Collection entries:
◆ ◆ ◆
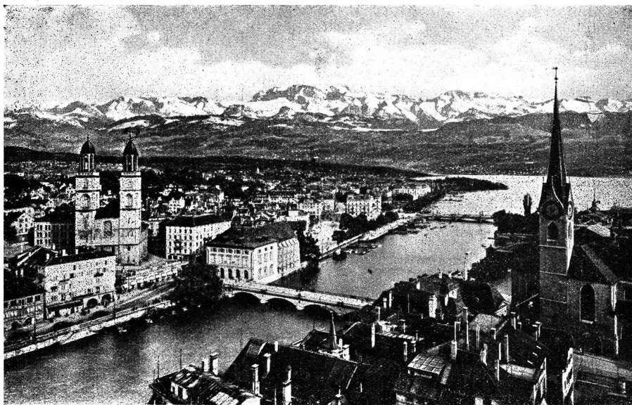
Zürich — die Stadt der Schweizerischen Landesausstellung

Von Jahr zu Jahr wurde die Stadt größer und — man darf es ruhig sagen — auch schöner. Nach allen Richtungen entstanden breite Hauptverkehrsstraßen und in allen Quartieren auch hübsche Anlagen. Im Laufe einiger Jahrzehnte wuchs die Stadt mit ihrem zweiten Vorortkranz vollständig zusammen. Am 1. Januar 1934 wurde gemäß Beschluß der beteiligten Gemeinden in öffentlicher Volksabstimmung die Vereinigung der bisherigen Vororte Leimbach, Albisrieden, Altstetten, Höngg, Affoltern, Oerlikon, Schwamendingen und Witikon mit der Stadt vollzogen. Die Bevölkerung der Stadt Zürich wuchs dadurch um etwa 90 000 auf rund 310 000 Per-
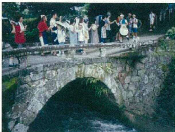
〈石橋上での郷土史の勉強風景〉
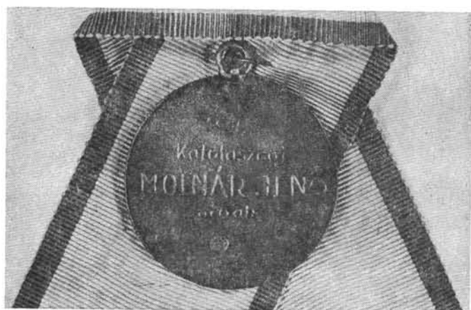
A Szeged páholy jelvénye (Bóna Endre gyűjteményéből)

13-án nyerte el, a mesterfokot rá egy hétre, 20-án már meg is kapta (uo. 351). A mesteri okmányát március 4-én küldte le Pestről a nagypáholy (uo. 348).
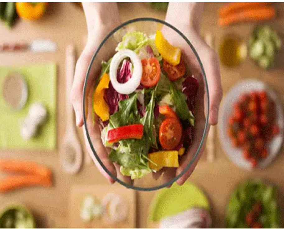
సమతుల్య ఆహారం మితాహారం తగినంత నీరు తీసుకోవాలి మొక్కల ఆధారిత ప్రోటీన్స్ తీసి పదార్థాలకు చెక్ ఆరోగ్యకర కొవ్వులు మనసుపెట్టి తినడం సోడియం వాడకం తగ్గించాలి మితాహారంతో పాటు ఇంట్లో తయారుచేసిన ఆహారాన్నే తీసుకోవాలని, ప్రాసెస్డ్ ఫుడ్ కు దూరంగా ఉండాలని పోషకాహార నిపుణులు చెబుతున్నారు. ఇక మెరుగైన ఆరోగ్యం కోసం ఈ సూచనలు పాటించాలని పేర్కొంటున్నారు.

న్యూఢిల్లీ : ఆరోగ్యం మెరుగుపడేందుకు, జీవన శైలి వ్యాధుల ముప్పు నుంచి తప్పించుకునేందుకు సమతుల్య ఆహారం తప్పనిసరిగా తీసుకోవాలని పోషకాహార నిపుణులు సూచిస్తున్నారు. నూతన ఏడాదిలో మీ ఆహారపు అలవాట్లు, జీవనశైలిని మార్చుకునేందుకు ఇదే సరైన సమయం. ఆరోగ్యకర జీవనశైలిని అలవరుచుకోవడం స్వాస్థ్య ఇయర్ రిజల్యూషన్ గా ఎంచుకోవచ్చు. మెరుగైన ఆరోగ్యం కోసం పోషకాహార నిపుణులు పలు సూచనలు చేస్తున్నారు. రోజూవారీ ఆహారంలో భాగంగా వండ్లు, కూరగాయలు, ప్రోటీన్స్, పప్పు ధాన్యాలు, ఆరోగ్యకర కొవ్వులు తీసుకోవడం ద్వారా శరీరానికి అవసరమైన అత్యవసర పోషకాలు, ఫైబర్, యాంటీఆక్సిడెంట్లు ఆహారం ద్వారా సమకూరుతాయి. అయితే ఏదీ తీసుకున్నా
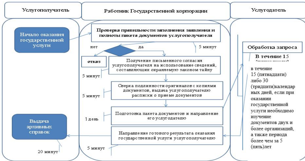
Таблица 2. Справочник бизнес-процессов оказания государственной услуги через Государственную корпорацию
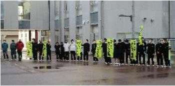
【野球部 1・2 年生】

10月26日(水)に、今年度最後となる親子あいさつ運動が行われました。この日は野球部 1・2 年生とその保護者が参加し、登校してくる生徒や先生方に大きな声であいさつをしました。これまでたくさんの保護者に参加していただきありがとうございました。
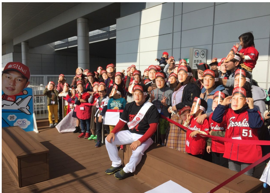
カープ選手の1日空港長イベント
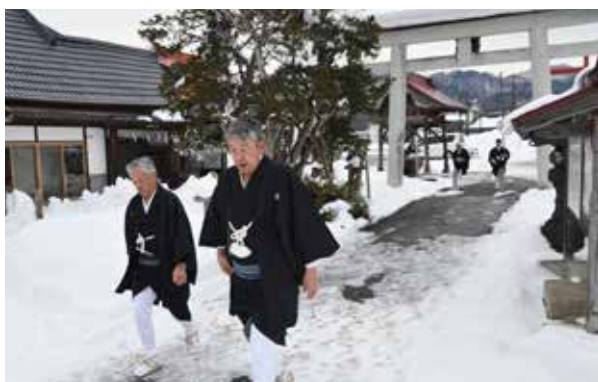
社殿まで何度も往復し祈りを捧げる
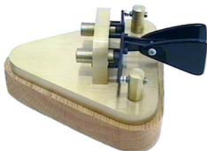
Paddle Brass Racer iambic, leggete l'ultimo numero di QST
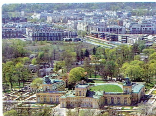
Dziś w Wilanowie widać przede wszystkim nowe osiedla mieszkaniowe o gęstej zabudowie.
◆ ◆ ◆
• Your task
Show the lines above with "Zürich".

• Result of this task
Zürich — die Stadt der Schweizerischen Landesausstellung
Von Jahr zu Jahr wurde die Stadt größer und — man darf es ruhig sagen — auch schöner. Nach allen Richtungen entstanden breite Hauptverkehrsstraßen und in allen Quartieren auch hübsche Anlagen. Im Laufe einiger Jahrzehnte wuchs die Stadt mit ihrem zweiten Vorortkranz vollständig zusammen. Am 1. Januar 1934 wurde gemäß Beschluß der beteiligten Gemeinden in öffentlicher Volksabstimmung die Vereinigung der bisherigen Vororte Leimbach, Albisrieden, Altstetten, Höngg, Affoltern, Oerlikon, Schwamendingen und Witikon mit der Stadt vollzogen. Die Bevölkerung der Stadt Zürich wuchs dadurch um etwa 90 000 auf rund 310 000 Per-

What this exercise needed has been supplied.